Extracted data entries

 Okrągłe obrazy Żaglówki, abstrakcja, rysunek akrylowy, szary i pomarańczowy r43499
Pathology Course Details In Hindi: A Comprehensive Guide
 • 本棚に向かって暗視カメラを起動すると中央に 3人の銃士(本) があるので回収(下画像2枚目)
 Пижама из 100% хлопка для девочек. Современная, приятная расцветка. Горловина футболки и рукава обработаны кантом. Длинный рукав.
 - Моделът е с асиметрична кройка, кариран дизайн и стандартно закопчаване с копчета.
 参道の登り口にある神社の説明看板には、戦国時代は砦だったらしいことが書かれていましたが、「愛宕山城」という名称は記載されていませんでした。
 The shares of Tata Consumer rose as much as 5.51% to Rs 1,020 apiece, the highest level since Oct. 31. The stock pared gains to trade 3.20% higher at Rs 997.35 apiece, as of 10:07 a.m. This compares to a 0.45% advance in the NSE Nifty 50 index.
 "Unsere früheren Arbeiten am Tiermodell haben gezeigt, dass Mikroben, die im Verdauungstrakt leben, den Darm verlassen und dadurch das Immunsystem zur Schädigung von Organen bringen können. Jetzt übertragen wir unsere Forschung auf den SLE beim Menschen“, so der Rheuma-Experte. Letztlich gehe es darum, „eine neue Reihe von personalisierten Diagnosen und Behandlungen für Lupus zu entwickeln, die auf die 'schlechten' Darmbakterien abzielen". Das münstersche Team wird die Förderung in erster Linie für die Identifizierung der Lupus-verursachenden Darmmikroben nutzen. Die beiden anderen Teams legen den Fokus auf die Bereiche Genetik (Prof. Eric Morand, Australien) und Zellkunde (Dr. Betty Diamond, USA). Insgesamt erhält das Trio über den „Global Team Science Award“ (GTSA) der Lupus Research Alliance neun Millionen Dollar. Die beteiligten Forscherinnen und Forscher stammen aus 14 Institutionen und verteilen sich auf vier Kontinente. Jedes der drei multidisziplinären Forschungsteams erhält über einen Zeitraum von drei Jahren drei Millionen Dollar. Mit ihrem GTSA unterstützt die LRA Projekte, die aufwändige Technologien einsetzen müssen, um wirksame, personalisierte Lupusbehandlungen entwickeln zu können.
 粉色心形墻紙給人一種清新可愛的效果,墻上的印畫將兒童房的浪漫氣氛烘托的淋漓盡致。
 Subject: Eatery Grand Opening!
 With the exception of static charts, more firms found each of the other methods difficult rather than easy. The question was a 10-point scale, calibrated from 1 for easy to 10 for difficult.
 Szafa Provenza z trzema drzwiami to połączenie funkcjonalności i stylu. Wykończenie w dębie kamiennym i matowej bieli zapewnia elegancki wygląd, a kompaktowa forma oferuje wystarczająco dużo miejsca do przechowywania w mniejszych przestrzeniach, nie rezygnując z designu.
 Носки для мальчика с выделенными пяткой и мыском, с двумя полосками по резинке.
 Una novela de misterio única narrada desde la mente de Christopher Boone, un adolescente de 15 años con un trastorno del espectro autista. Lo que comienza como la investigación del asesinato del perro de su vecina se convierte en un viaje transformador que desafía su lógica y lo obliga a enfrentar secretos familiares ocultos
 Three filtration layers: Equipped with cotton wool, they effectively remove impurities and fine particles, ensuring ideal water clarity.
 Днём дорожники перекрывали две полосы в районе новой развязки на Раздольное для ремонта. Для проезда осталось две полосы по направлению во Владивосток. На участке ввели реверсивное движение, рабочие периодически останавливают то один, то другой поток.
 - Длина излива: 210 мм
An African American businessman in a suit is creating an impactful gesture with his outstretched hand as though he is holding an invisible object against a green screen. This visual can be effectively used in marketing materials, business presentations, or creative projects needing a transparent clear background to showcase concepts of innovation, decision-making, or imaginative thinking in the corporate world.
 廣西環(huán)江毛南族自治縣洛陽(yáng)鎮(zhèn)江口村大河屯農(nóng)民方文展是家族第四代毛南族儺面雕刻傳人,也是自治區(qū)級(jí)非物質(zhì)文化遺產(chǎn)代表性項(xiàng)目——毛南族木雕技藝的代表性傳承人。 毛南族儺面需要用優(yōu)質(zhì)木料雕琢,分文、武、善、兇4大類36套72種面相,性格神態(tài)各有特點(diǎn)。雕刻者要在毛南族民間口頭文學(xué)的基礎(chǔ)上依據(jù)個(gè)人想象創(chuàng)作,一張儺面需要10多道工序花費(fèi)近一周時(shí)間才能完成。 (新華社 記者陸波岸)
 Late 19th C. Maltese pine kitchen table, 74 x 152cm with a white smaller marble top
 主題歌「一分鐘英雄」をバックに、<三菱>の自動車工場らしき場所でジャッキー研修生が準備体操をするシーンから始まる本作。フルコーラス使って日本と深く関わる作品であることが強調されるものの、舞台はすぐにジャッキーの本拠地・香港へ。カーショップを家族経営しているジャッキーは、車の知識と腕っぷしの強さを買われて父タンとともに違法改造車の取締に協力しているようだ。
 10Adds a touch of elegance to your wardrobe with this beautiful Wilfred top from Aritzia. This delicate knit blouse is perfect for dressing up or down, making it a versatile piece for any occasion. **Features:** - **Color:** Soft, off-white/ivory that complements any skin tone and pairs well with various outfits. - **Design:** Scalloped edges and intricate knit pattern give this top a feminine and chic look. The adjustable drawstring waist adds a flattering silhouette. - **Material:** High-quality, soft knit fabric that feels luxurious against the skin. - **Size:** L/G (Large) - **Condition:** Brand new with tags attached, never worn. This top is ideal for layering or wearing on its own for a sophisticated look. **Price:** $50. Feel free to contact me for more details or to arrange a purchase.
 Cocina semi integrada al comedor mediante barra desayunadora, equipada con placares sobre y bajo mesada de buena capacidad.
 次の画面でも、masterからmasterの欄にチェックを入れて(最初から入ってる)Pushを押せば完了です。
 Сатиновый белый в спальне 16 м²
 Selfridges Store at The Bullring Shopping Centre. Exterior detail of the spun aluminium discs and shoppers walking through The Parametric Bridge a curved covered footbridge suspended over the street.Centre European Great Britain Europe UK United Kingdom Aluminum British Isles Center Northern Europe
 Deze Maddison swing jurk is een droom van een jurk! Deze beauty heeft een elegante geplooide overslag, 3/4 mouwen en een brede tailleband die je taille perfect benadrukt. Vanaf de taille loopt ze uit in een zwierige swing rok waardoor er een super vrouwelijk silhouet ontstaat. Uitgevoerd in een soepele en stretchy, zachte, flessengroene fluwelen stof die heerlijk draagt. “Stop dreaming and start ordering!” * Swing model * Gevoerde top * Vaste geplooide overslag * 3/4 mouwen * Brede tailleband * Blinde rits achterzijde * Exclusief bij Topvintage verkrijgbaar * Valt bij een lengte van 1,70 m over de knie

→ **What the task requires**:
Exactly the lines running from the top of the records to the line that contains "- Моделът е", inclusive, must be set down, and nothing more.

→ **Result of this task**:
 Okrągłe obrazy Żaglówki, abstrakcja, rysunek akrylowy, szary i pomarańczowy r43499
Pathology Course Details In Hindi: A Comprehensive Guide
 • 本棚に向かって暗視カメラを起動すると中央に 3人の銃士(本) があるので回収(下画像2枚目)
 Пижама из 100% хлопка для девочек. Современная, приятная расцветка. Горловина футболки и рукава обработаны кантом. Длинный рукав.
 - Моделът е с асиметрична кройка, кариран дизайн и стандартно закопчаване с копчета.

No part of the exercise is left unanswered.